Они ждали. Чего они ждали? Возвращения одного из своих товарищей? Зари? А я думал: «Быть может, они ожидают, чтобы в них проснулся голод...»
И еще я подумал: «Они совершат глупость! Это совершенно бессмысленно!..» Сильнее тревоги было во мне отвращение перед нелепостью. Я думал: «Если они оттают, если у них возникнет желание действовать, они будут стрелять!»
Был ли я в самом деле в опасности? Сомневались ли они все еще в том, что я не диверсант, не шпион, а журналист? Поняли ли они, что мои документы находятся в гостинице? Приняли ли они уже решение? Какое?

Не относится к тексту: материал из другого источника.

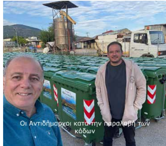
Οι Αντιδήμαρχοι κατά την παραλαβή των κάδων

“Η Κυβέρνηση θα εξακολουθεί να στηρίζει έμπρακτα τους Οργανισμούς Τοπικής Αυτοδιοίκησης στην κατεύθυνση της αποκατάστασης, στήριξης, και βελτίωσης των υποδομών τους.” σημειώνει ο κ. Σταϊκούρας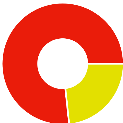
Ekvivalens energia fogyasztás

Földgáz: 624 363,894 kWh Villamos energia: 2 055 776 kWh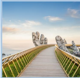
สะพานมือทองคำ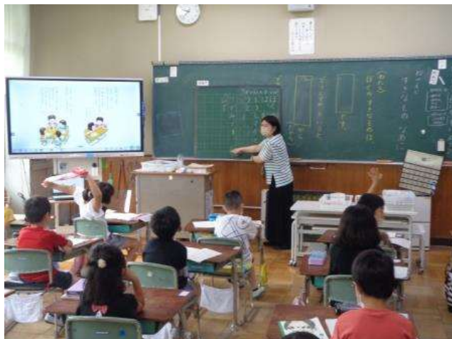
作文する文型を全員で確かめた後

今日、1年1組の教室に行きますと、自分が好きなことと、その理由を紹介する短文作りを行ってました。一人一人、自分の好きなことを「ぼくは（わたしは）～が好きです。」という文型に当てはめて書き、その続きに、その理由を「なぜかというと、～からです。」に当てはめて作文していました。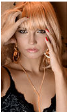
Rasina 34 Jahre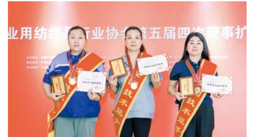
会议为3位“全国技术能手”颁发了荣誉证书。

行业长期向好的基本趋势没有改变，科技创新、人才培养、产品开发方面的持续投资增强了行业拓展新领域、抵御市场风险的内在动力。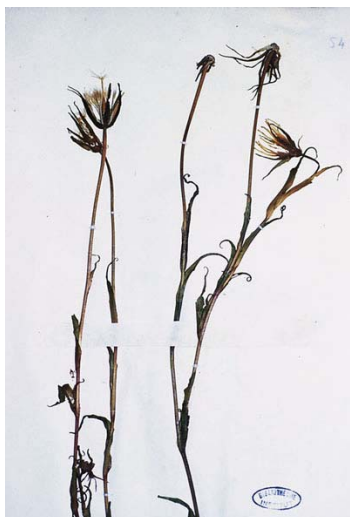
Illustration n° 9 : Vue de détail d'une plante reconstituée et refixée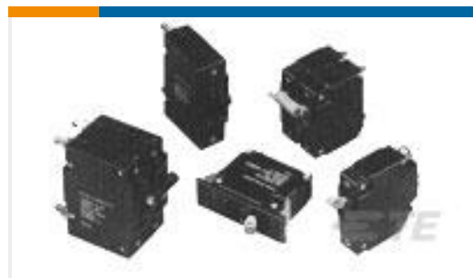
TE 产品编号 2-1393254-5 W91-X112-20=M6/M7/M9/W6/W7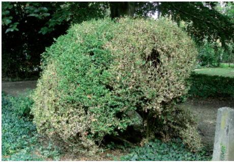
Frassbild an Buxus bei starkem Befall. Ungeschnittene Exemplare werden gleichermassen befallen. Mangeurs sur buis dans le cas d'une forte attaque. Les exemplaires non taillés sont pareillement atteints.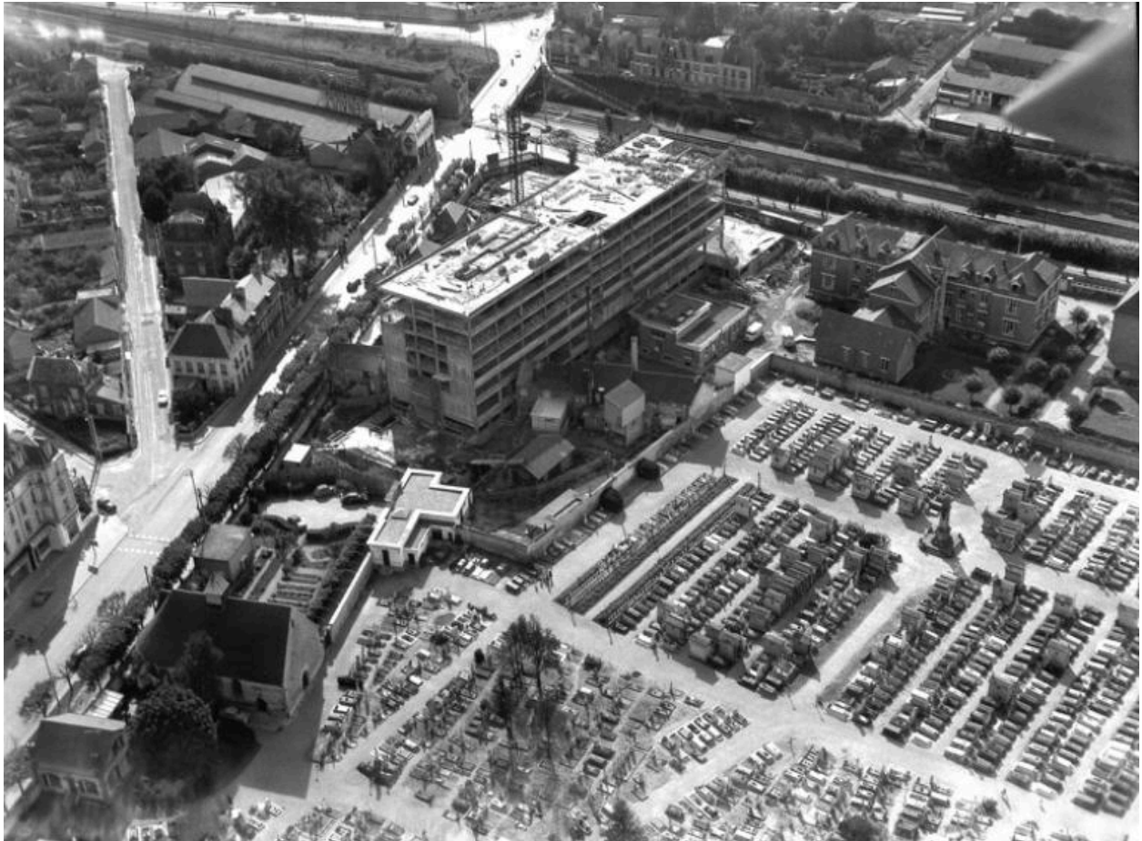
Le bloc médico-chirurgical en cours de construction.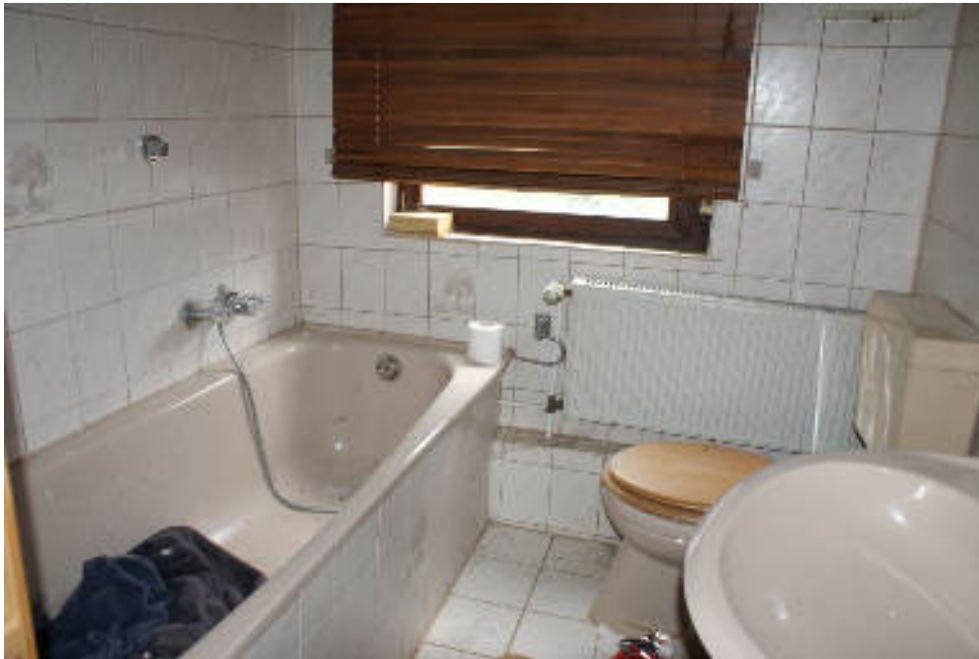
Bild 47 Ausstattung Bad OG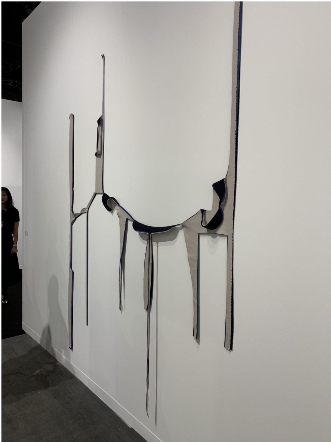
Фрагмент моновыставки Марион Барух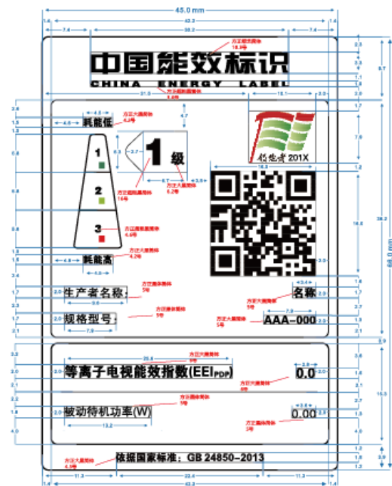
图 2 等离子电视能源效率标识样式示例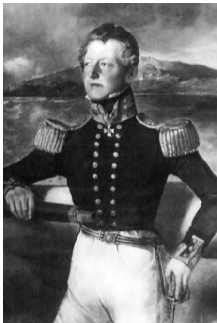
Английский адмирал Д.-П. Прайс в 1837 г. ещё в чине капитана.

пов, в том числе четыре офицера; в плен взято 4, из них трое тяжело раненных; принимая же в расчет, что утоплен неприятельский катер, в котором было от 40 до 50 человек, и что один барказ, наполненный мертвыми и ранеными, шел только на 8 веслах и потерял не менее как человек 80, что с других гребных судов многие убиты и ранены и что, наконец, на неприятельских судах также не обошлось без потери в людях, можно заключить без преувеличения, что потеря неприятеля в сражении 24 числа не менее 300 человек, а всего во время нападения на Петропавловский порт до 350 человек. Взято английское знамя, 7 офицерских сабель и 56 ружей.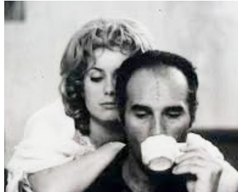
1966 LES CRÉATURES d'Agnès Varda avec Michel Piccoli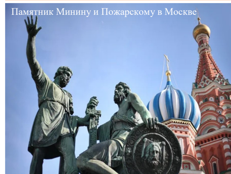
Памятник Минину и Пожарскому в Москве

Ноябрь начинается с важного для всех россиян праздника – 4 ноября страна отмечает День народного единства . Праздник был учреждён в 2005 году. Его корни уходят далеко в историю России, период Смутного времени на Руси XVII века, связан с именами князя Дмитрия Донского и воеводы Кузьмы Минина . Под их предводительством были собраны средства, создано народное ополчение и освобождена Москва от иностранных интервентов, положен конец междоусобицам и распрям. В память об освобождении, спустя два столетия, был воздвигнут знаменитый памятник Минину и Пожарскому, расположенный на Красной площади в Москве. Теперь это одна из визитных карточек столицы нашей Родины.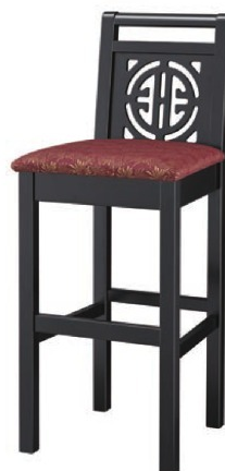
2396-2776 周荘 B スタンド椅子 張地: 松葉 L UP-1000 (Cランク)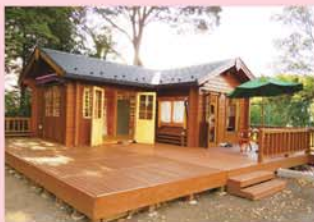
公園の中の見守り合いの拠点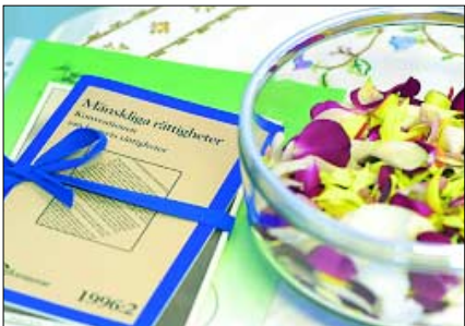
Budskap. I stället för det kristna budskapet handlar namngivningsceremonin om barnet, föräldraskapet och människan och vilken miljö som barnet ska växa upp i.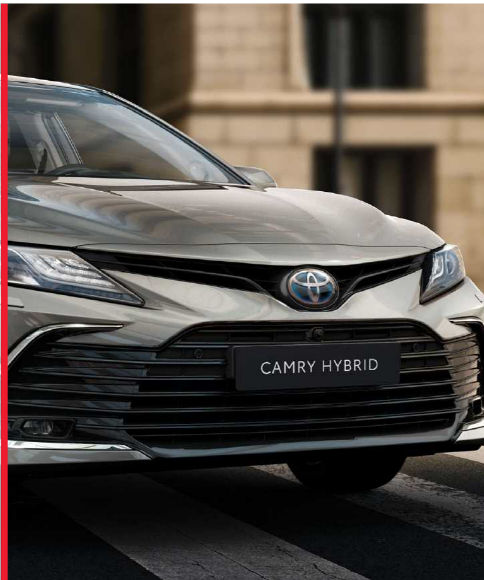
גריל חדש עם חרטום נמוך, רחב ונועז יותר המדגיש את נוכחותה המרשימה והנחושה של הקאמרי החדשה

בקאמרי ההיברידי-חשמלית החדשה יש הכל. היא משלבת בצורה מושלמת את היתרונות של מכונית מנהלים איכותית ועיצוב חדש, מרענן ויוקרתי יותר של חזית הרכב ותא הנוסעים. דבר המוסיף ליכולתה הדינמית של הקאמרי, ומשווה לה נוכחות בולטת וחזקה בכביש. התוצאה: מכונית שגם נראית מצוין, גם נוחה ומרווחת וגם מספקת חווית נהיגה ברמה של מחלקה ראשונה.

Мне ничего не было известно о них, кроме того, что они расстреливают, не очень-то задумываясь. Передовые отряды революционеров, к какой бы партии они ни принадлежали, охотятся не на людей (они не взвешивают человека по существу), а на симптомы. Правда их противников кажется им эпидемической болезнью. Из-за подозрительного симптома заразного отправляют в больницу, в изолятор – на кладбище. Вот почему допрос, который учиняли мне односложными, непонятными словами, казался мне зловещим. Моя шкура разыгрывалась в слепую рулетку. Поэтому, чтобы дать знать, что я действительно существую, у меня явилась странная потребность выкрикнуть им о себе что-нибудь, что поставило бы меня на свое место – утвердило мою судьбу. Мой возраст, например! Это очень впечатляет – возраст человека! Это как бы итог его жизни. Зрелость, которая к нему пришла, наступила не сразу. Она наступила вопреки стольким препятствиям, которые он преодолел, вопреки стольким тяжелым болезням, перенесенным им, вопреки стольким страданиям, теперь уже утихшим, вопреки стольким приступам отчаяния, которые он превозмог, вопреки стольким опасностям, большинство которых он и не осознал. Зрелость пришла, пройдя через столько желаний, столько надежд, столько сожалений, столько забвении, столько любовей. Возраст человека представляет собой солидный груз опыта и воспоминаний. Вопреки западням, рытвинам, ухабам, плохо ли, хорошо ли, но ты продолжал двигаться вперед, трясясь, как добрая телега. И теперь благодаря упорному стечению счастливых обстоятельств ты здесь. Тебе тридцать семь лет. И добрая телега, буде на то милость господня, повезет еще дальше свой груз воспоминаний. И я думал: «Вот к чему я пришел. Мне тридцать семь лет...» Мне бы хотелось отяготить совесть моих судей этим признанием... но они меня больше не допрашивали.